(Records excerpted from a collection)

***

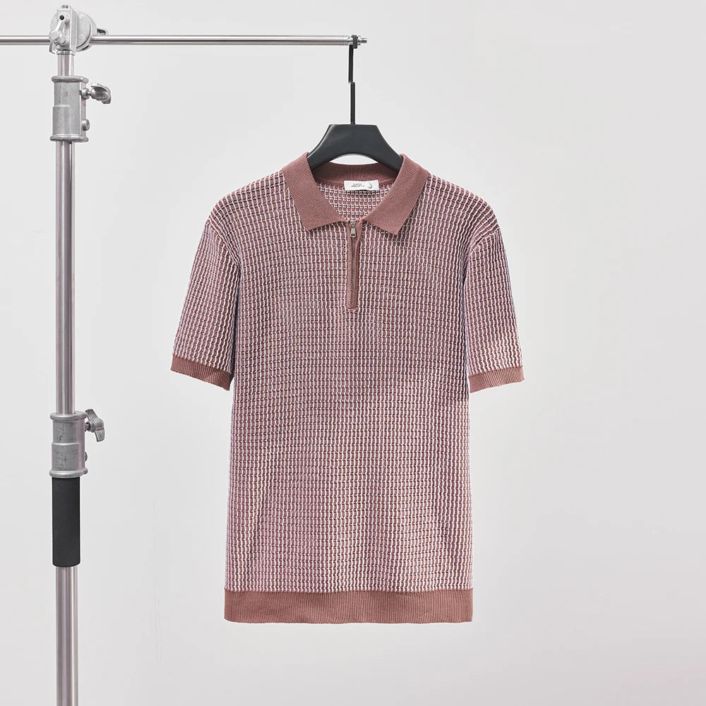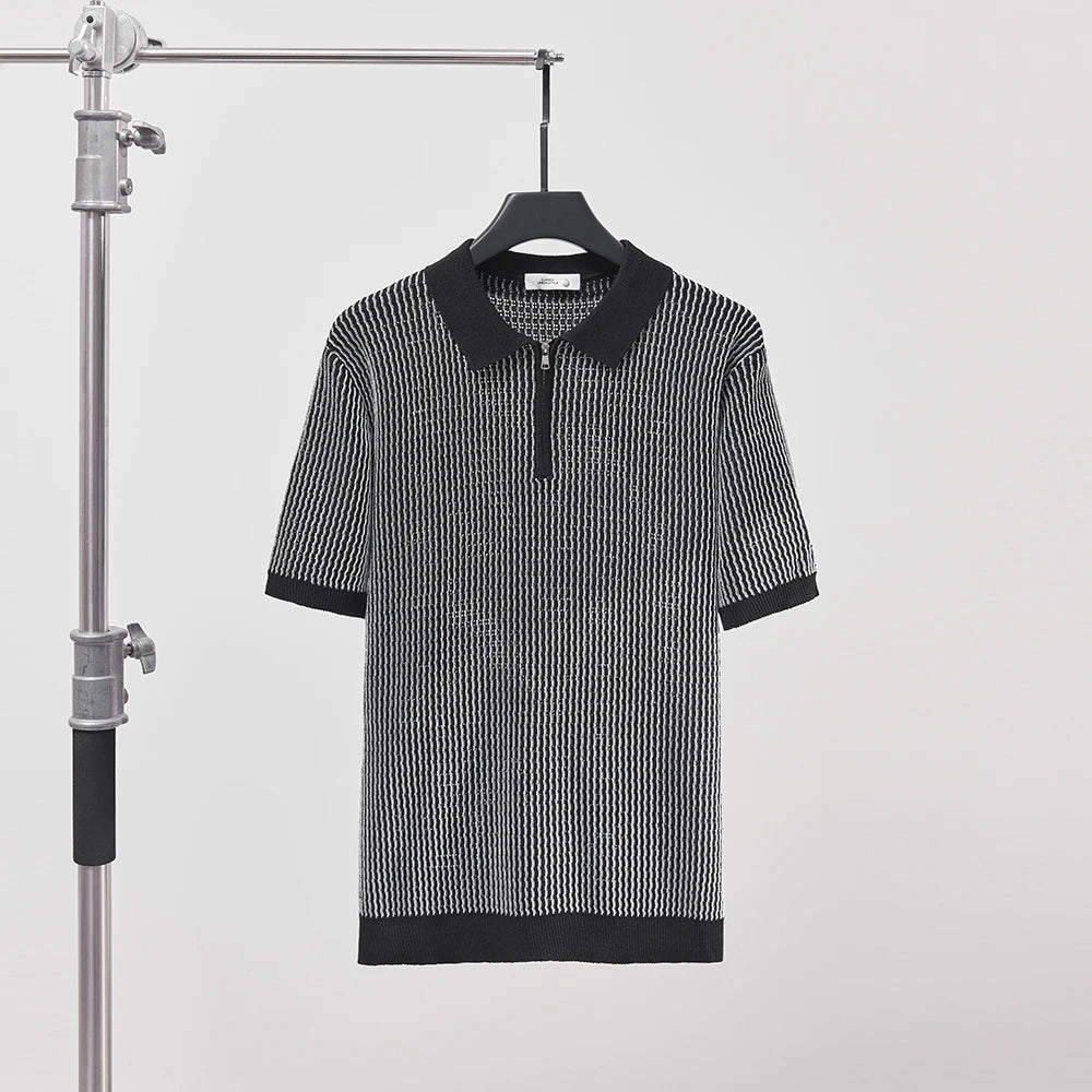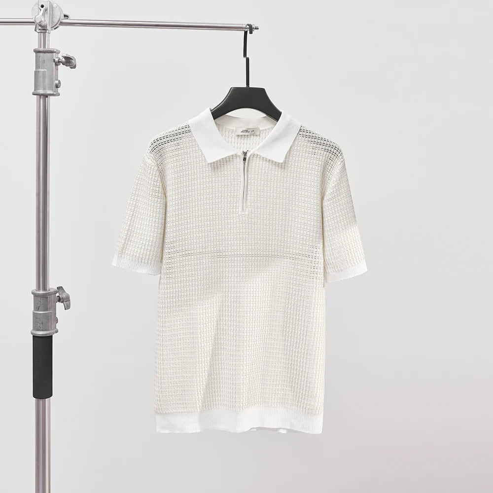 Crafted from ultra-light, soft cotton, the Lucente Polo is built for sun, movement, and minimal effort. With its refined zip collar, soft ribbed trims, and subtle micro-pattern, it’s the kind of piece that catches the light - and doesn’t try too hard to do it.
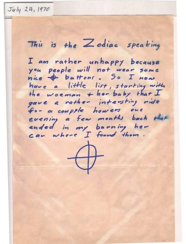 The Zodiac is the pseudonym of an unidentified serial killer who murdered at least five people in the San Francisco Bay Area between December 1968 and October 1969. The Zodiac attacked three couples and a cab driver in Benicia, Vallejo, unincorporated Napa County, and the city of San Francisco. Two of the Zodiac's seven victims survived.
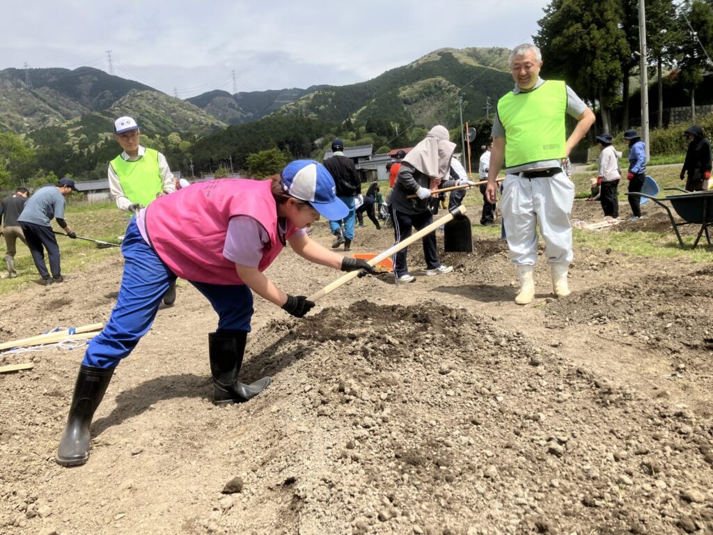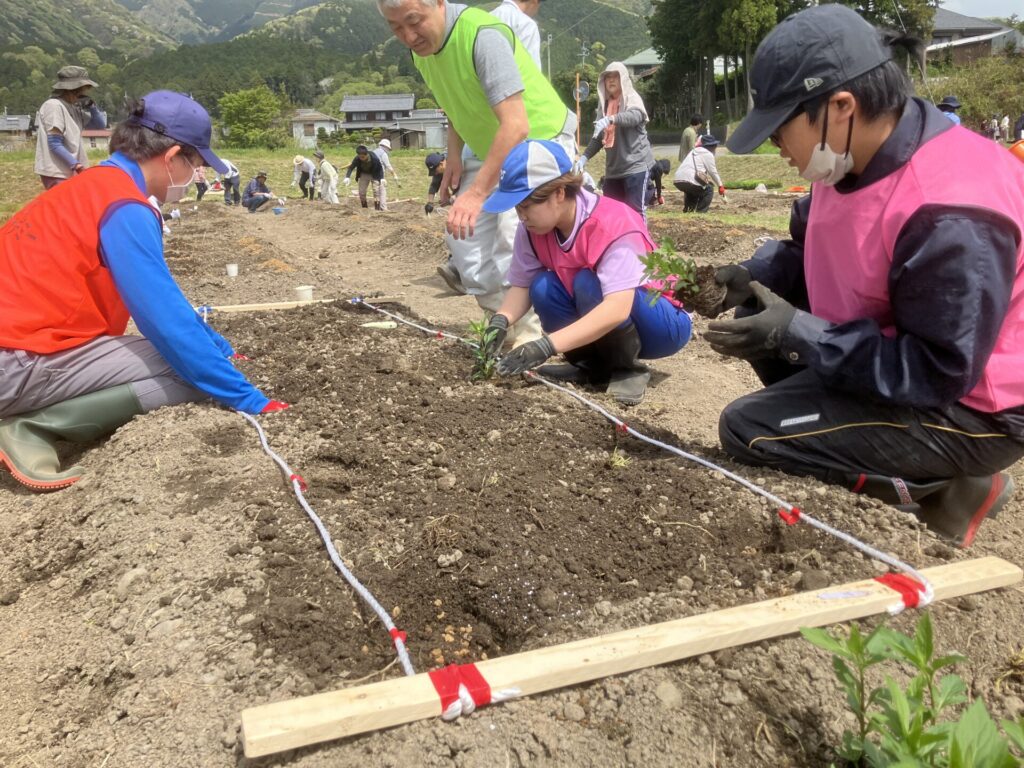 植栽ボランティアとして参加した4名の学生が、一般公募の約30名のボランティアさんとともに、看板の設置や圃場の整地、植栽作業を行いました。「観光以上・移住未満」の立ち位置で関ヶ原町の活動に継続的にかかわる、いわゆる「関係人口」の創出に向けて、植物を通じて一般ボランティアの皆さんと交流を深めることができました。学生にとっては他に代えがたい経験をさせていただき、関係者の皆様に御礼申し上げます。
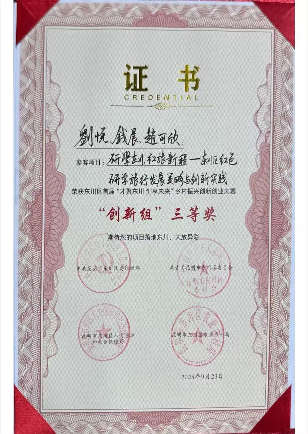 本次大赛共有500余名创新创业人员参与,169个涵盖特色农业、文旅融合、智慧乡村等领域的项目进行比拼。beat365官网青年学子刘悦、钱晨、赵可欣团队的“研学东川,红旅新程——东川区红色研学旅行发展策略与创新实践”创新项目脱颖而出,荣获大赛创新组三等奖,并现场与云南博轩文旅签署项目落地意向协议书,享受东川区相关产业扶持政策及大赛提供的28项支持政策,初步实现了“挑战杯”大学生课外学术科技作品竞赛成果的落地转化。
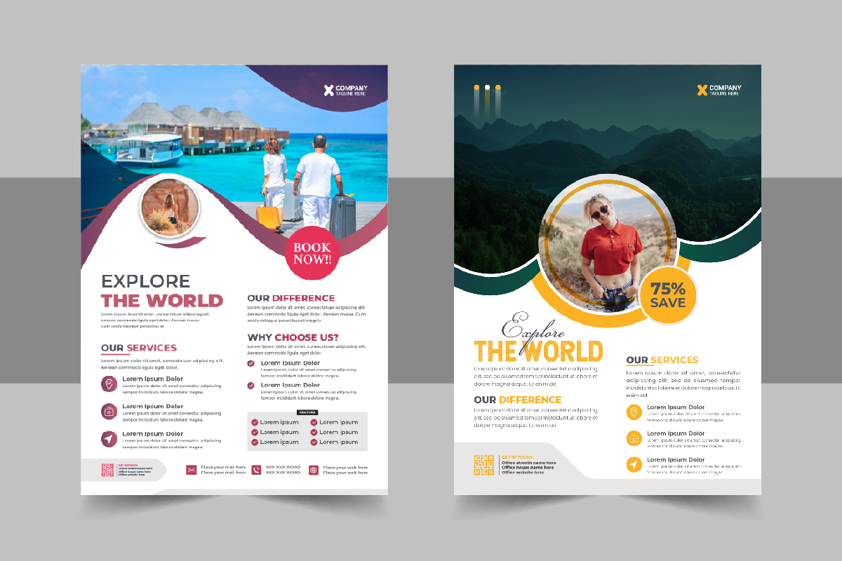 travel holiday flyer design and brochure cover page template for travel agency. All type of Corporate business company, agricultural Company, Home Sale, Land Sale or other property selling company could use this travel holiday flyer design and brochure cover page template for travel agency
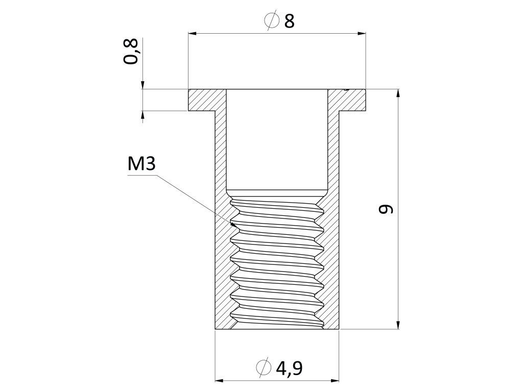 nitovacia matice M3/0.3-1.5/ plochá hlava, rýhovaný driek, VZ L = 9mm
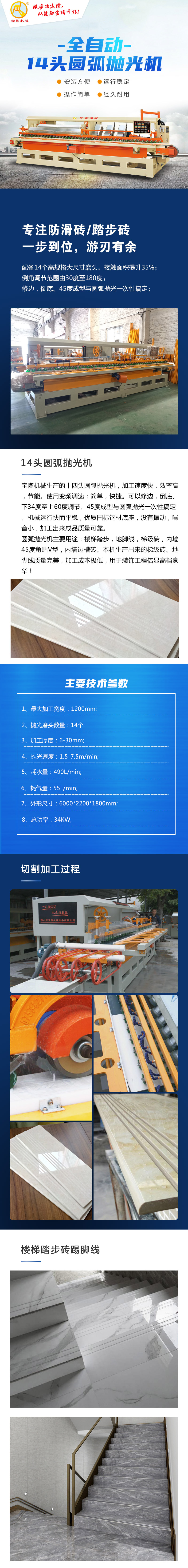 拋光磨頭可手動(dòng)、自動(dòng)控制,變頻調(diào)速,氣動(dòng)壓輪,采用進(jìn)口軸承,進(jìn)口品牌電器元件,不銹鋼螺絲。由于機(jī)械功能齊全,操作方便,專業(yè)加工拋光樓梯踏步、地腳線、45度斜邊等。運(yùn)行平穩(wěn)、振動(dòng)小、噪音低、加工速度快、加工成本極低,整機(jī)設(shè)計(jì)美觀大方,受到廣大客戶一致好評(píng)!
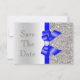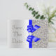 Personliga bröllopsinbjudan "Save The Date"-kort. Eleganta anpassade silver- och marinblå dubbelsidiga platta "save the date"-kort med vacker glittrig tryckt glittermönster, söta blanka tryckta marinblå vektorbildsband och -slingor och snygga, stilrena tryckta diamant-bling-juveler och mörkgrå silvertext på silverfärgad gradientbakgrund. Dessa klassiska, glamorösa och fashionabla silverfärgade formella anteckningskort är dekorerade på båda sidor och tryckta på din valda inbjudanpapper. Vackra, snygga, moderna och dubbelsidiga kort med tjejigt glitter och glamour. Observera: Alla inbjudningar på Zazzel har platt tryckta bilder. Jag har matchande produkter för bröllop i min butik. Text, teckensnitt och typsnittsfärger är alla anpassningsbara för att möta dina behov. Om
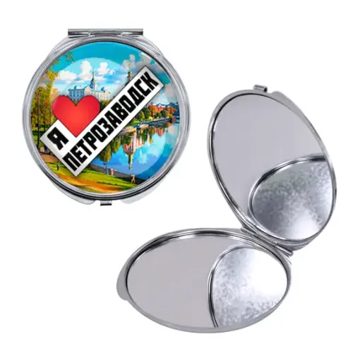 Круглое складное зеркало, цвет серебро, Я люблю Петрозаводск C0604016
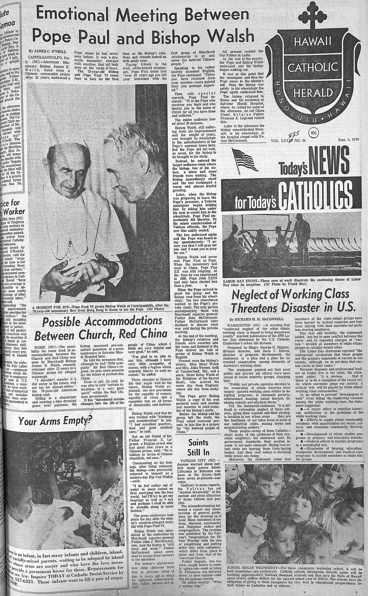 SCHOOL BEGAN WEDNESDAY – For these youngsters beginning school, it will be both trepidation and excitement. Catholic schools throughout Hawaii again will be teaching approximately 14,000 students and thus save the State of Hawaii some $12 million for the current school year of 1970-71. The schools have the obligation of giving to these youngsters the very best in educational preparedness for their future as Catholics and as citizens.
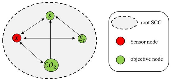 This technique explicitly takes advantage of the network structure of the dynamic system []. Equation (5) can be structurally represented as a corresponding inference graph whose nodes are the internal state variables = {, …, }.
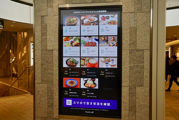 今回紹介する空席情報サイネージは、こうした店頭型のデジタルサイネージによる来店動機とは異なる側面からの来店誘導に貢献することが期待できそうだ。半年間ほどのテスト運用を経てサービスを開始したこのサービス「VACAN」は、横浜駅前の相鉄ジョイナスと高島屋で2月1日からスタートした。
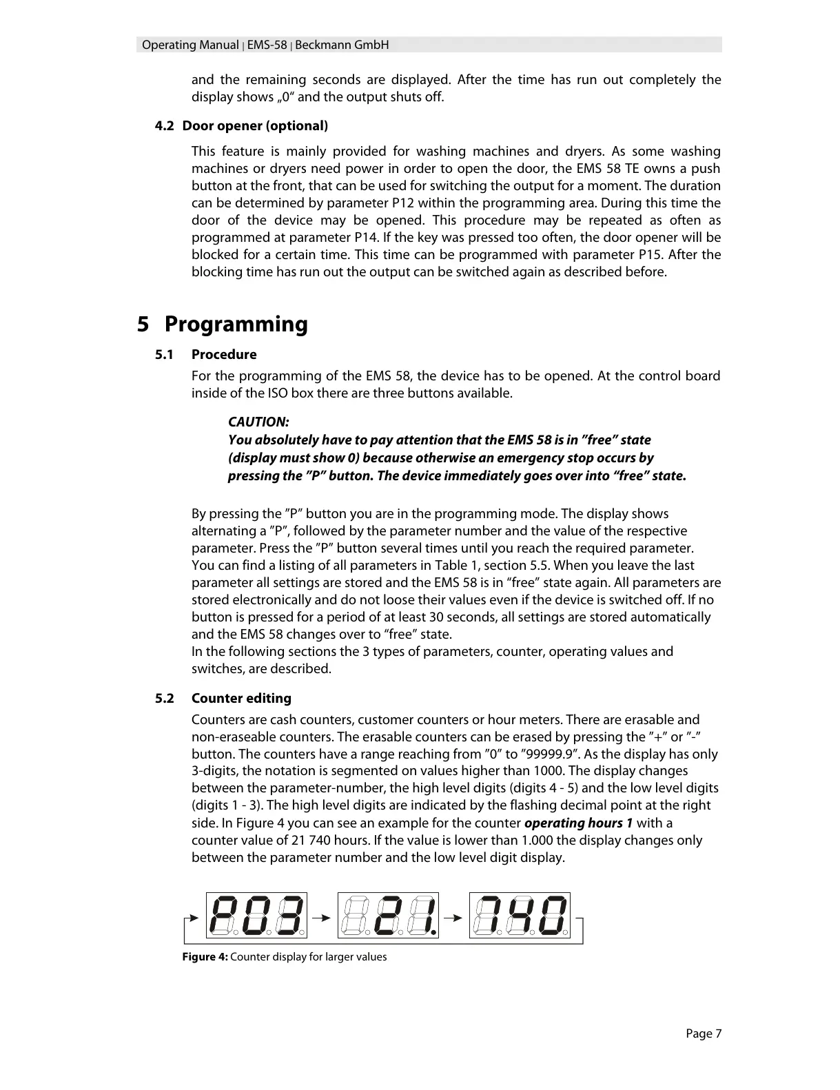 counter value of 21 740 hours. If the value is lower than 1.000 the display changes only
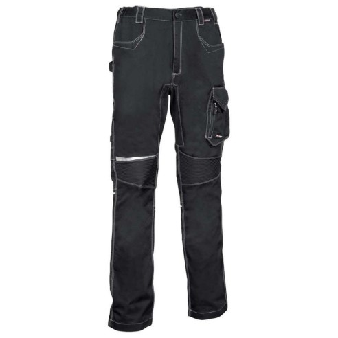 DESCRIPTION: large front pockets, side pocket with double opening (velcro and zip closure), meter pocket, ergonomic cut of the legs and knees, double rear pocket one of which with flap with velcro, internal elastic at the waist, crotch and back in stretch fabric for maximum freedom of movement, elastic insert over the knee for flexibility of movement, reflective inserts, hammer pin
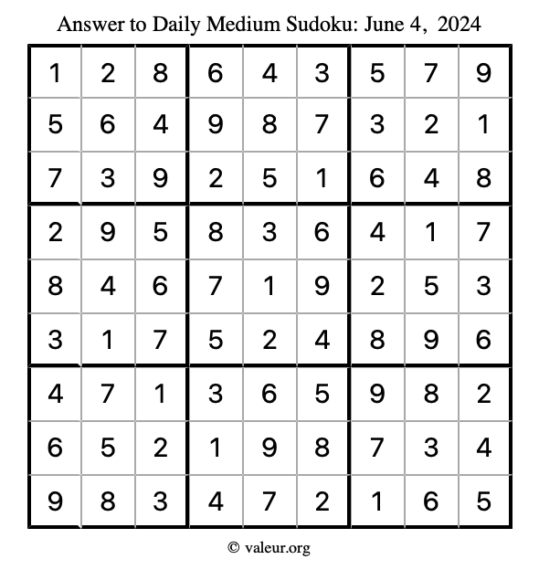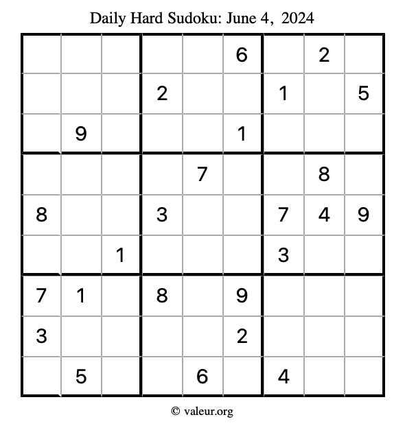 Daily Four Sudoku Puzzles June 4, 2024 is not the only daily set of sudoku puzzles we have. We create four sudoku puzzles every day for you to print and solve. Check out today's set of four sudoku puzzles here!

***

§ Activity
Starting with the first line of the data, transcribe every line exactly through the one containing "植栽ボランティアとして参加し". No pictures go in.

§ Answer to the problem
 Crafted from ultra-light, soft cotton, the Lucente Polo is built for sun, movement, and minimal effort. With its refined zip collar, soft ribbed trims, and subtle micro-pattern, it’s the kind of piece that catches the light - and doesn’t try too hard to do it.
 The Zodiac is the pseudonym of an unidentified serial killer who murdered at least five people in the San Francisco Bay Area between December 1968 and October 1969. The Zodiac attacked three couples and a cab driver in Benicia, Vallejo, unincorporated Napa County, and the city of San Francisco. Two of the Zodiac's seven victims survived.
 植栽ボランティアとして参加した4名の学生が、一般公募の約30名のボランティアさんとともに、看板の設置や圃場の整地、植栽作業を行いました。「観光以上・移住未満」の立ち位置で関ヶ原町の活動に継続的にかかわる、いわゆる「関係人口」の創出に向けて、植物を通じて一般ボランティアの皆さんと交流を深めることができました。学生にとっては他に代えがたい経験をさせていただき、関係者の皆様に御礼申し上げます。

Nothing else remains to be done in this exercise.